A while back the father in law had a weird noise in the rear of his maverick , occasionally a rubbing noise would start up at speed and stay relevant to the vehicle speed until the car stopped. then when he started moving again the noise would be gone. A few days later it would happen again. I think changing the rear wheel bearings fixed it though they seamed tight at the time.
I will check with him tonight and get back to you.
liftlid, nissannewby, RLI
Unfortunately removing the front or rear shafts is not something I can do. Just getting under the Troll to have a look had me in bed most of the next day.
This is why I was relying on the advice from these workshops.
Evo
Bugger, Then i'd recommend going to a workshop and asking them to remove the front shaft and You go for a Drive with the guy. if all is the same, return, remove the rear and go with him for the test drive. might cost you $80 at the most as it would be done and dusted in 30minutes and no parts uses.
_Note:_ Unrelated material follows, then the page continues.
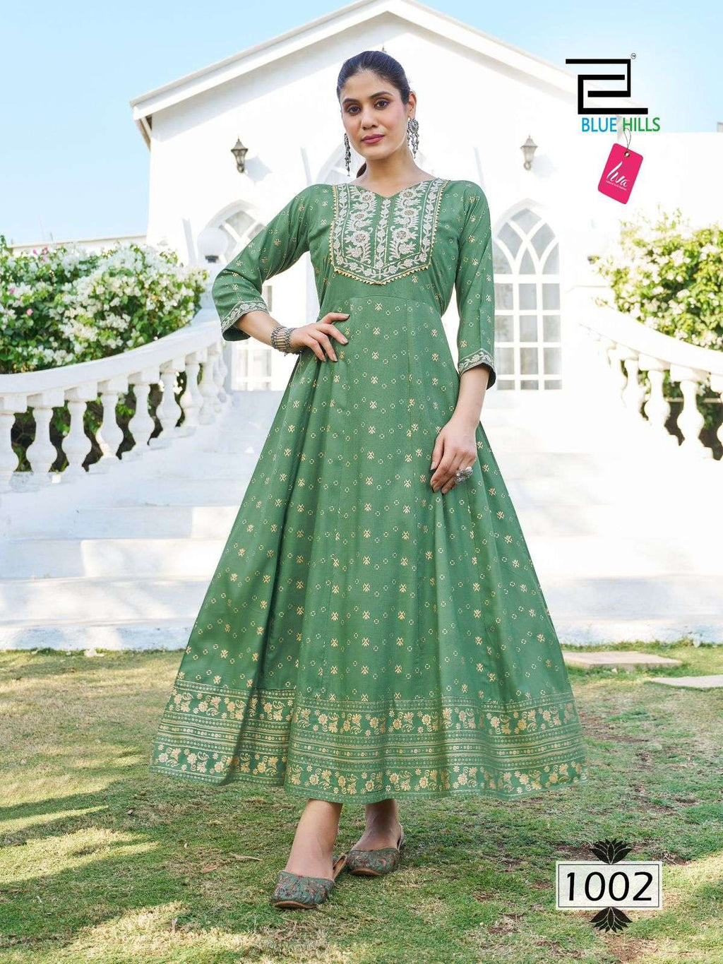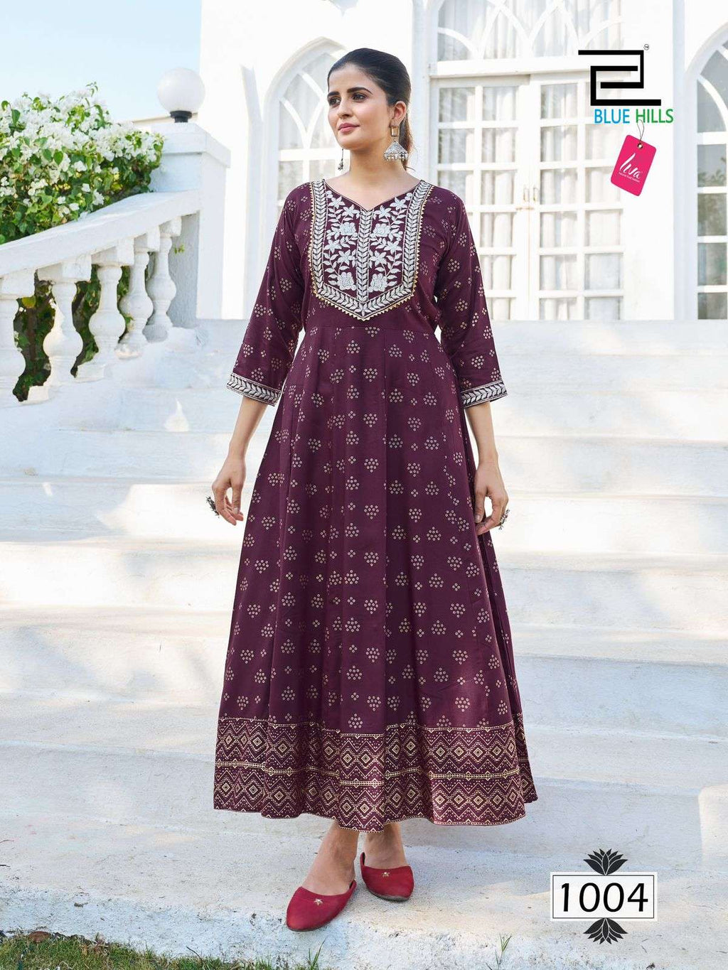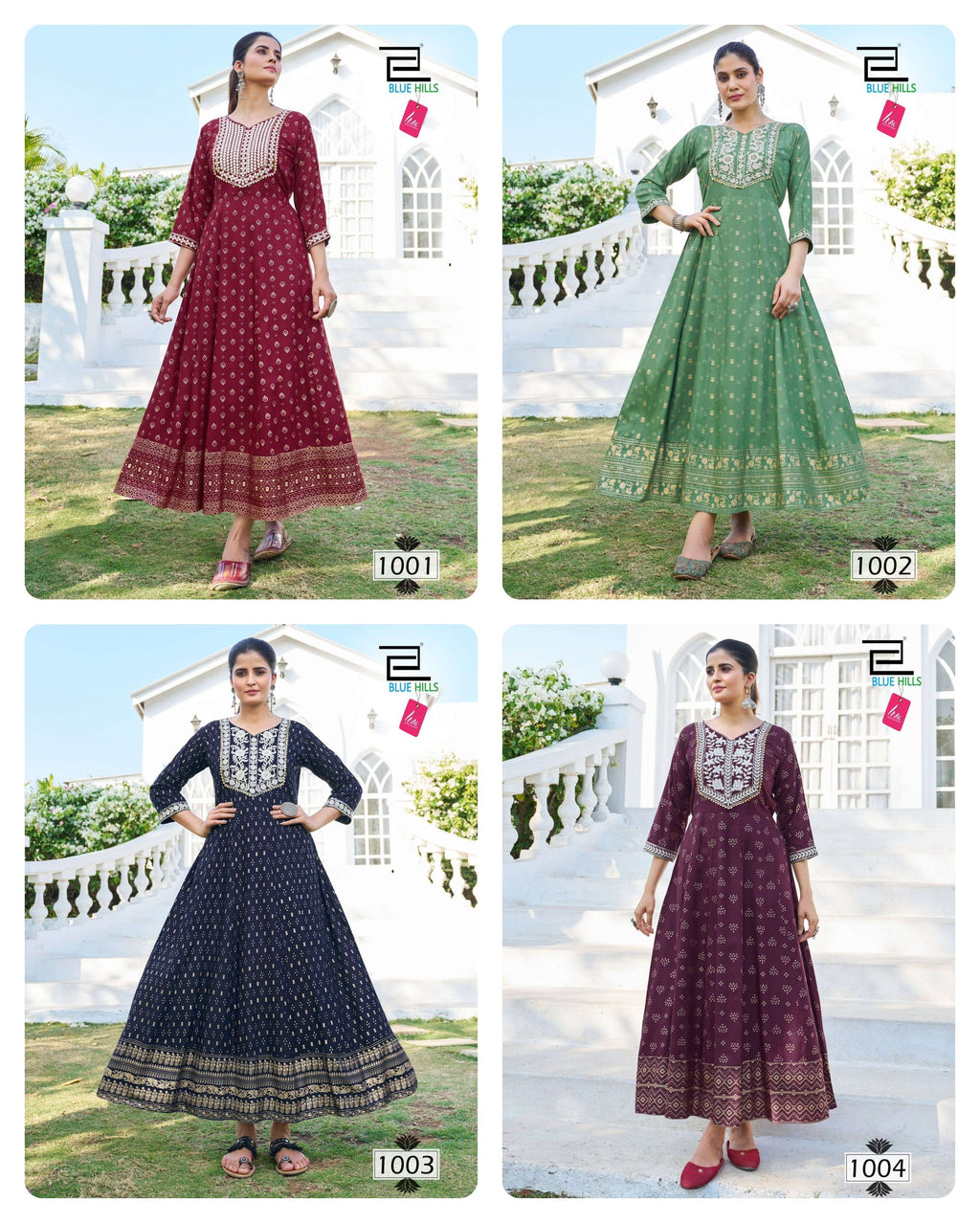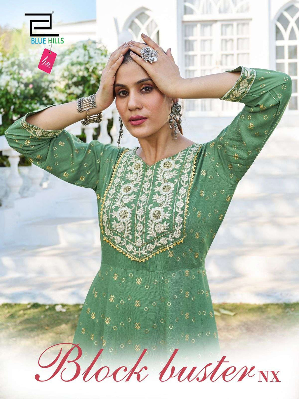 Blue Hills Block Bluster Nx Rayon Anarkali Gown With Neck Embroidery And Accessories Designer Kurti

I am really surprised that they have not already done this to be honest??
If your tail shaft is rubbing it will be a very definite and fairly loud sound and there will be immediate damage to the shaft where the rubbing s happening. This could be as simple as flipping the front shaft if it is the trouble. it should be clearly visible when on the hoist though.
Apparent all the places I rang are booked up until either late next week, or early the following week.
Have to leave it parked on the lawn until then...
Rear shaft isn't rubbing, and front isn't turning in 2H (did the jump out and walk test again) plus have the f/w manual hubs on now) so can't be the auto hubs playing up.
Just at the point of giving up...
Evo
Evo,
Is the noise getting worse as you drive it or is it staying the same?
If it is getting worse, the more you drive it, the closer you are to solving the problem.:devilred:
If it is staying the same, and there isn't that much noise, it will probably be Ok to drive around gently till you get it fixed.
Mic
Not sure if it's good or bad news, but the issue has been somewhat narrowed down.
It's on the driveline behind the clutch.
More to follow hopefully in the next day or 2.
Evo
Any chance of recording the sound and putting on y-tube or similar?
Fluids were checked, all nice and free from particles.
Shaft is coming out tomorrow and being checked properly just to be sure.
While shaft is out, going to get rear jacked up and see if there any play on axles, pinion, gearbox output, etc...
I would say very good chance, but I'm not sure how to do that sort of thing... :1087:
Cheers,
Evo
Any news on the rig Evo?
Well lucky enough, a very good mate (that I worked with many moons ago) who has been away for a LONG time is back home in Perth now, about 15 mins drive from me. That's who said to bring it round for a look.
He drove, straight away after hearing it, eliminated diff, bearings and clutch.
Took a long time to remove the tailshaft (extremely tight, even rattle gun couldn't budge them) but he somehow managed.
Both uni joints are completely shagged.
BUT
He is going to replace them, and do the shaft flip to allow more clearance over the crossmember, then test drive it.
If the noise is there, he said it might be because of 1 other thing I didn't notice/realise....
The lower trailing arms are longer than standard, and other than being dirty, my mate said they look new...
Went back over my paperwork from when I went back to the suspension place for panhards and steering damper, and they also have put down longer lower trailing arms to clear long range sub tank drain plug and correct pinion angle....
FARK SAKES!!!
He has measured and compared to another GU, and these are (according to net check) 11mm longer, heavier duty, but also are apparently supposed to help with correcting pinion angle after lift...
All a bit confusing.....
Should know more tomorrow as he could only get 1 uni joint today, so I left the Troll with him until tomorrow arvo...
Should know more then...
Suspense is killing me!
Cheers
Evo
Looking promising mate
Maaate I hope you and your mate are on to it
How much lift does it have? To need longer lower arms? Lower arms are on outside of the frame and would clear tank. You usually only need to replace the upper arm on the tank side with a bent one on a tall lift.